Докторально, словами Томилина Клим ответил:
– Интеллигенция – это лучшие люди страны, – люди, которым приходится отвечать за все плохое в ней…
Макаров тотчас же подхватил:
– Значит, это те праведники, ради которых бог соглашался пощадить Содом, Гоморру или что-то другое, беспутное? Роль – не для меня… Нет.
«Хорошо сказал», – подумал Клим и, чтоб оставить последнее слово за собой, вспомнил слова Варавки:
– Есть и другой взгляд: интеллигент – высококвалифицированный рабочий – и только.
Но и тут Макаров догадался:
– Похоже на стиль Варавки.
Чувство скрытой неприязни к Макарову возрастало у Клима. Макаров, посвистывая громко и дерзко, смотрел на все глазами человека, который только что явился из большого города в маленький, где ему не нравится. Он часто и легко говорил фразы и слова, не менее интересные, чем Варавка и Томилин. Клим усердно старался развить в себе способность создания своих слов, но почти всегда чувствовал, что его слова звучат отдаленным эхом чужих. Повторялось то же, что было с книгами: рассказы Клима о прочитанном были подробны, точны, но яркое исчезало. А Макаров даже и чужое умел сказать вовремя и ловко.

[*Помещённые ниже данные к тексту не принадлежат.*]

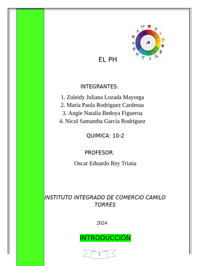 1. DEFINICIÓN DE PH: El pH es una medida de la
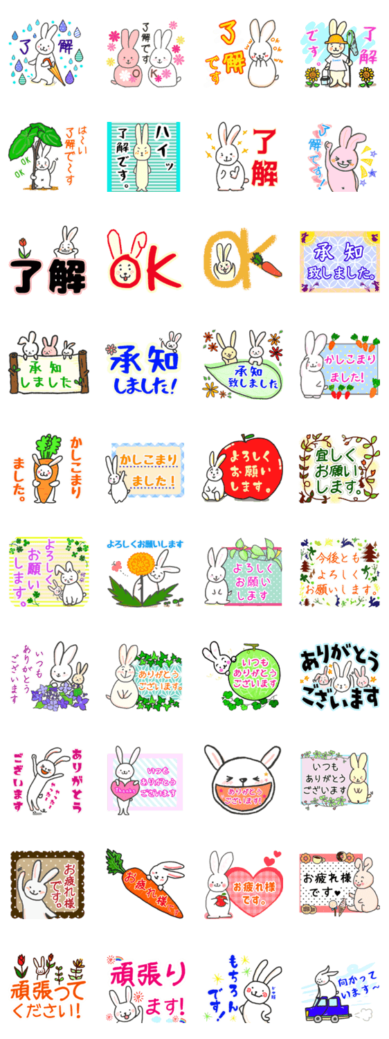 仕事や連絡網などでよく使う「了解です」「よろしくお願いします」「お疲れ様です」の敬語スタンプをウサギのイラストを使用して作りました。落ち着いたデザインも有り。
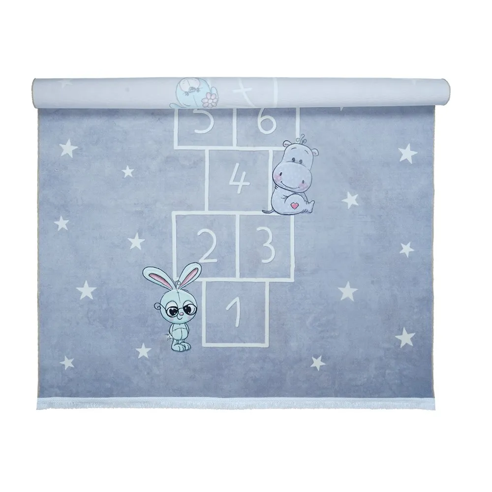 فرش محتشم اتاق کودک طرح لی لی کد 101254 زمینه طوسی (غیربرجسته)
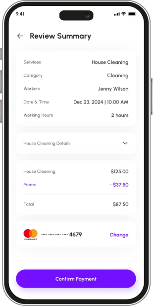 “I normally hate finding a person to do home repairs, but this app revolutionized the experience. I hired a handyman to do some drywall repairs and install lights. He showed up on time, fully prepared, and got the work done professionally. The GPS tracking was super helpful, and paying via the app made the whole process stress-free. Brilliant service!”
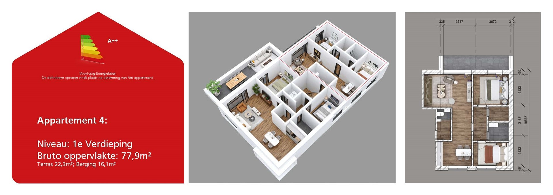 De vier appartementen zijn ideaal voor alleenstaanden en koppels – jong én oud. Elk appartement beschikt over:
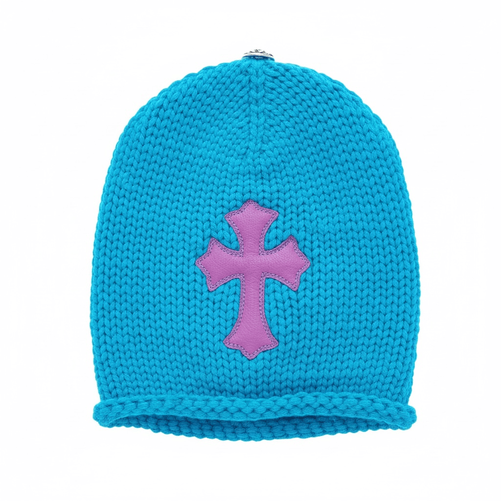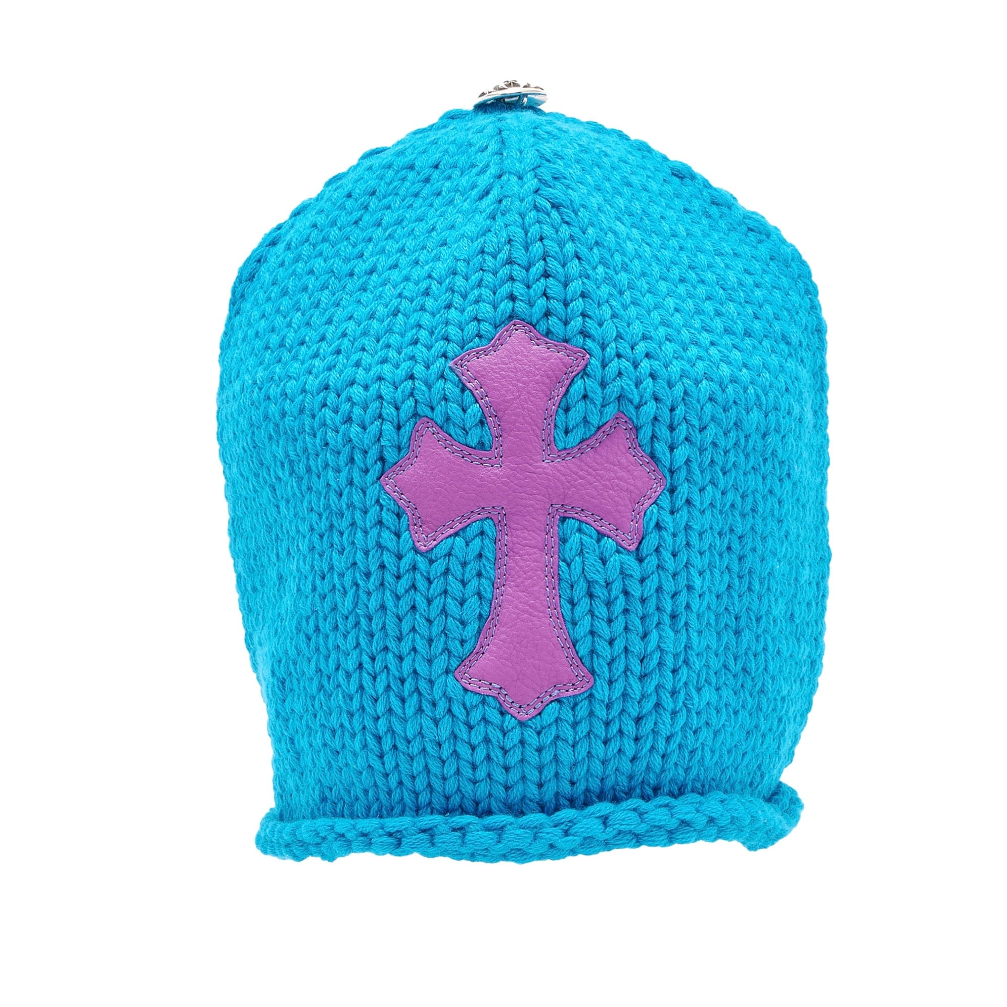 Chrome Hearts Leather Cross Patch Cashmere Knit Beanie Blue Purple
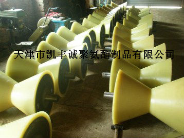 我公司生產(chǎn)的聚氨酯滾輪:聚氨酯是一種新興的有機(jī)高分子材料,被譽(yù)為“第五大塑料”,具有良好的耐油性、韌性、耐磨性、耐老化性。我廠生產(chǎn)的滾輪架用聚氨酯滾輪,采用進(jìn)口聚氨酯澆注而成,其拉伸強(qiáng)度、撕裂強(qiáng)度、耐磨強(qiáng)度等性能均比普通橡膠高3-5倍,目前滾輪架一般采用橡膠滾輪與金屬輪相結(jié)合的方法,而采用聚氨酯滾輪后可不再用金屬輔助,特別適用于風(fēng)塔生產(chǎn)線及管道鋼筒體的焊接加工。我們公司生產(chǎn)的這種聚氨酯滾輪具有以下特性:高承載,高動(dòng)態(tài)負(fù)荷,高硬度,良好的拉伸性和抗撕裂強(qiáng)度,變形小,回彈性好,高耐磨性,內(nèi)生熱低,良好動(dòng)態(tài)性能及抗沖擊性,不易不脫膠(即使膠面已磨損環(huán),也不會(huì)脫膠)。

Однажды он шел с Макаровым и Лидией на концерт пианиста, – из дверей дворца губернатора два щеголя торжественно вывели под руки безобразно толстую старуху губернаторшу и не очень умело, с трудом, стали поднимать ее в коляску.
Вздохнув, Макаров сказал Лидии:
– Пушкин – прав: «Сладостное внимание женщин – почти единственная цель наших усилий».

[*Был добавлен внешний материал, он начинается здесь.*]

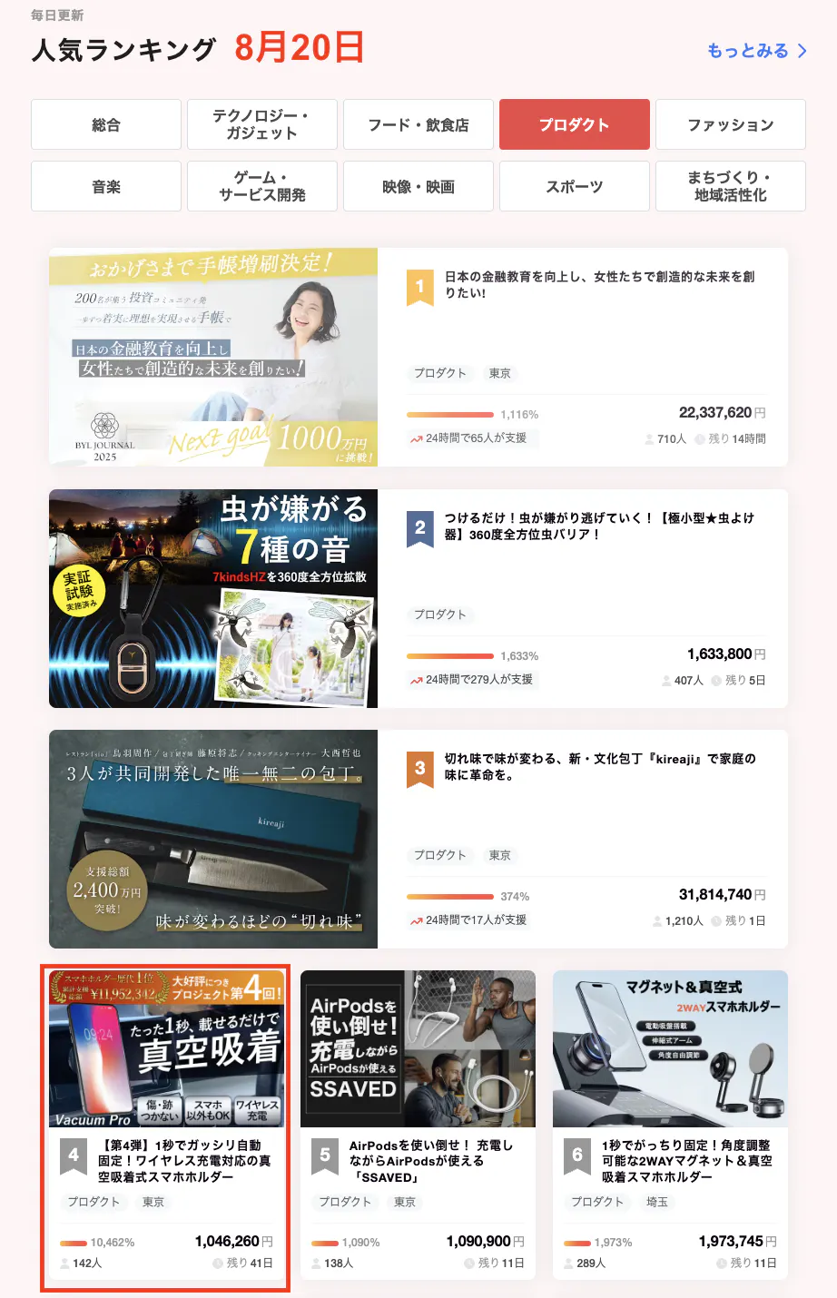 また本日のCampFireランキングプロダクト部門で 4 位!

Лидия осторожно или неохотно усмехнулась, а Клим еще раз почувствовал укол зависти.
Его раздражали непонятные отношения Лидии и Макарова, тут было что-то подозрительное: Макаров, избалованный вниманием гимназисток, присматривался к Лидии не свойственно ему серьезно, хотя говорил с нею так же насмешливо, как с поклонницами его, Лидия же явно и, порою, в форме очень резкой, подчеркивала, что Макаров неприятен ей. А вместе с этим Клим Самгин замечал, что случайные встречи их все учащаются, думалось даже: они и флигель писателя посещают только затем, чтоб увидеть друг друга.
Особенно укрепила его в этом странная сцена в городском саду. Он сидел с Лидией на скамье в аллее старых лип; косматое солнце спускалось в хаос синеватых туч, разжигая их тяжелую пышность багровым огнем. На реке колебались красновато-медные отсветы, краснел дым фабрики за рекой, ярко разгорались алым золотом стекла киоска, в котором продавали мороженое. Осенний, грустный холодок ласкал щеки Самгина.
Клим чувствовал себя нехорошо, смятенно; раскрашенная река напоминала ему гибель Бориса, в памяти назойливо звучало:
«Был ли мальчик-то? Может, мальчика-то и не было?»
Ему очень хотелось сказать Лидии что-нибудь значительное и приятное, он уже несколько раз пробовал сделать это, но все-таки не удалось вывести девушку из глубокой задумчивости. Черные глаза ее неотрывно смотрели на реку, на багровые тучи. Клим почему-то вспомнил легенду, рассказанную ему Макаровым.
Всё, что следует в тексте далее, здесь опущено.